University of Florida's Jacquelyn Crowell led racers into the final sprint, but Ms. Miller caught her right at the end.
She is known for her vicious sprint and strength. Many cyclists aren't wild about weight training, but Ms. Miller, who grew up around weights through BMX, said she enjoys it.
"I am getting stronger, doing better every year."
Mental focus and maturity, said Mr. Dembosky, are among her assets: "When we have indoor training sessions as a team, Sinead is one who is all business, not chit-chatting and goofing around like the older men on our team.
"She knows what she has to do to be the best, and she is disciplined and determined enough to do it, even as a teenager."
Ms. Miller said she is taking in the big picture, as far as her career goes. She is currently without a racing team, having left one in March, which puts her at a disadvantage in a sport where teamwork often is everything.
"It makes it tough, but it's taught me to be able to think on my feet, be more technical about my positioning in the peloton.
"Every second, every pedal stroke will count."
Making the U.S. squad for the 2012 summer Olympics in London involves two years of qualifying races, so she's getting ready for that.
"I'm going to start doing world-caliber races and acquire experience," she said. "I'm still young, there's still a lot of time.
"I think 2016 is more realistic for me, but I'm definitely going to work as hard as I can. But if it doesn't happen [in 2012], I'm not going to be down."

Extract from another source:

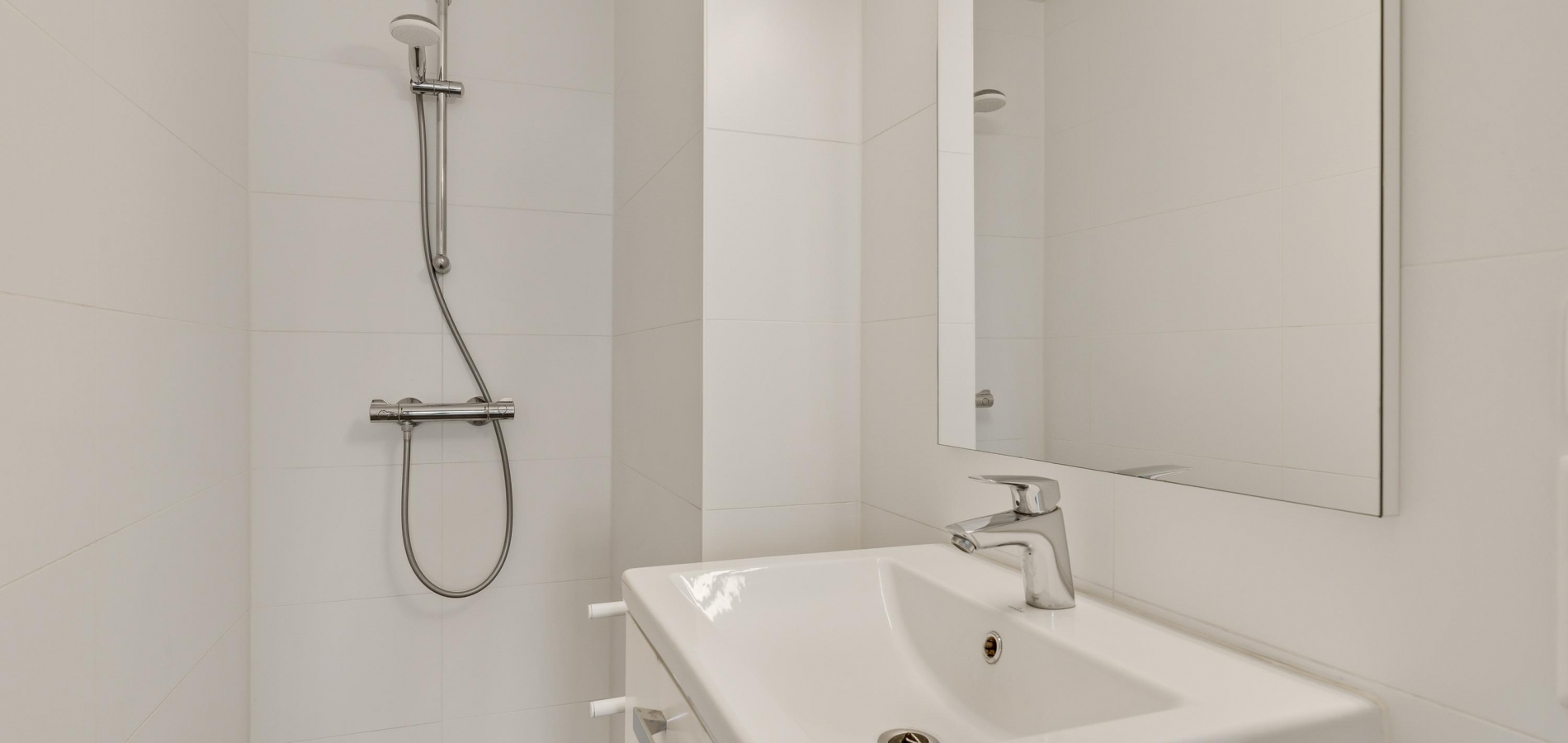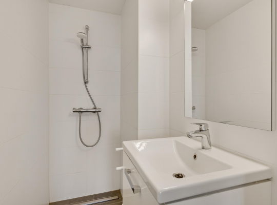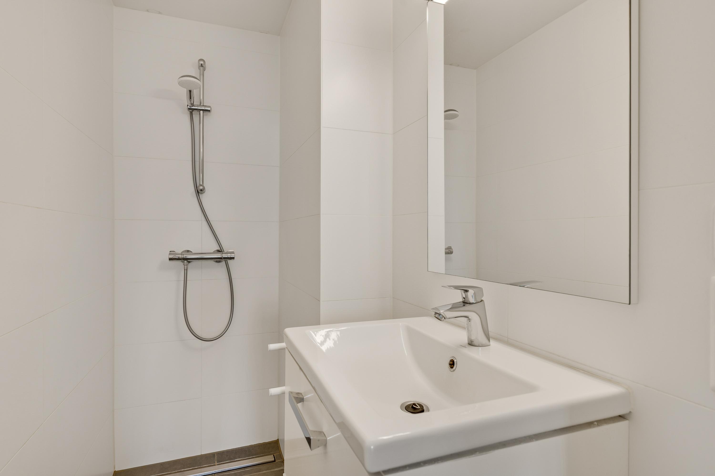 De badkamer is ingedeeld met een inloopdouche en een wastafelmeubel. Boven de wastafel hangt een grote spiegel en de douche is voorzien van een thermostaatkraan. Naast de badkamer is de toiletruimte, uitgevoerd in dezelfde stijl.

Although she was home on familiar roads this week -- on Monday, she took an "easy" two-hour ride from South Park down to the Mon Valley back through Mingo Creek Park -- Ms. Miller was to race again in Charlotte, N.C. this weekend.
The national criterium championships begin Aug.15 in Downers Grove, Illinois, so that's on her to-do list. Then it's back to school.
"Before I came into school, I had never raced on a track before. I still kind of think of myself as an amateur on the track, and even on the road," she said.
"I'm still young, I just turned 19. Most of the women who are best in the world are 30."